Performance Considerations
A few important lessons from production deployments:
Batch your embeddings. If you are storing multiple memories, use createEmbeddings (plural) instead of calling createEmbedding in a loop. One API call with 10 texts is cheaper and faster than 10 separate calls.
Set a similarity threshold. Not every memory is relevant. A threshold of 0.3 works well for cosine similarity. Below that, the memories are likely noise.
Limit memory context size. Do not dump 50 memories into the system prompt. Five to seven relevant memories is usually the sweet spot. Beyond that, you are paying for tokens that dilute the signal.

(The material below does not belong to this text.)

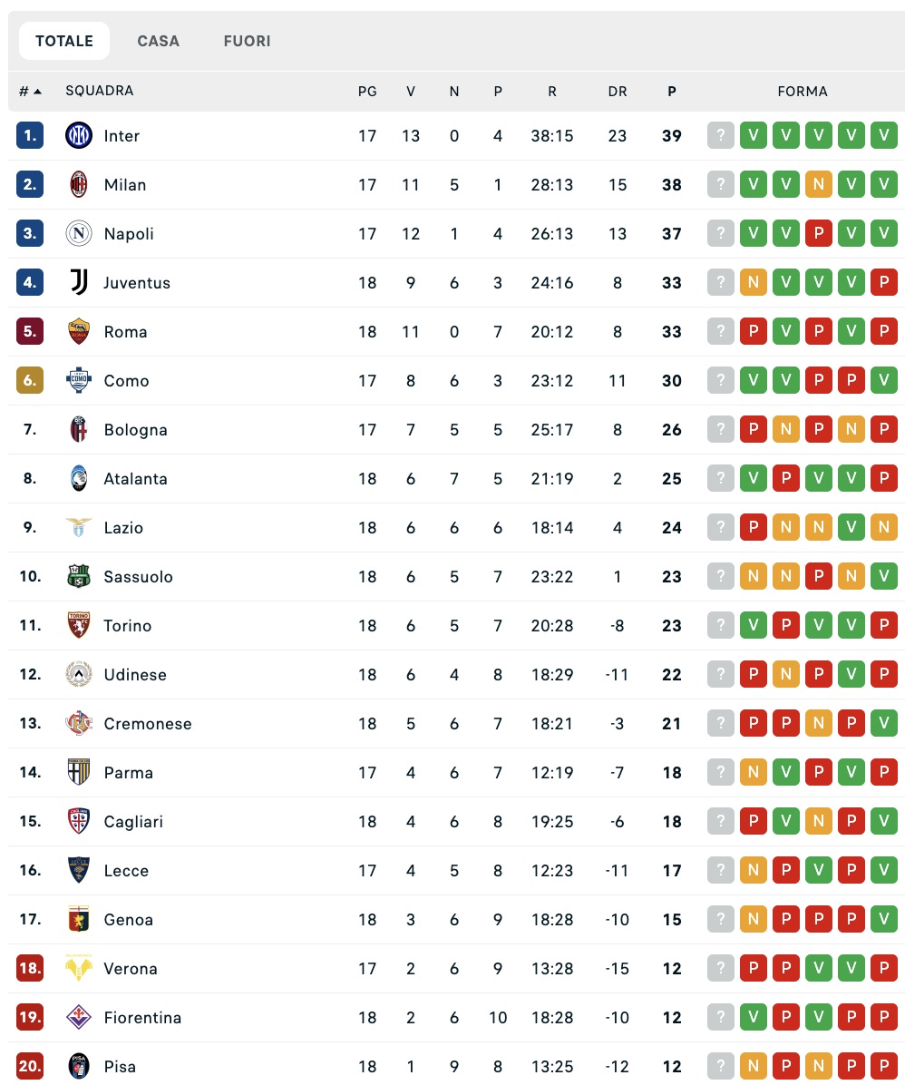 Serie A, la classifica dopo la 18ª: l'Inter resta in vetta, Napoli e Milan tengono il passo

Use summaries, not raw transcripts. Storing and retrieving full conversation transcripts wastes tokens and reduces retrieval quality. Summaries are cheaper to embed, faster to retrieve, and produce better results.
What You Built
In about 30 minutes, you have built a chatbot that genuinely remembers users across conversations. The core pattern is simple: embed, store, retrieve, inject. The same pattern works whether you are building a customer support bot, a personal assistant, or an AI tutor.
If you want managed memory infrastructure instead of running your own pgvector setup, Transactional's Memory module provides the vector storage, embedding pipeline, and retrieval API out of the box. But the patterns above will serve you well regardless of how you host it.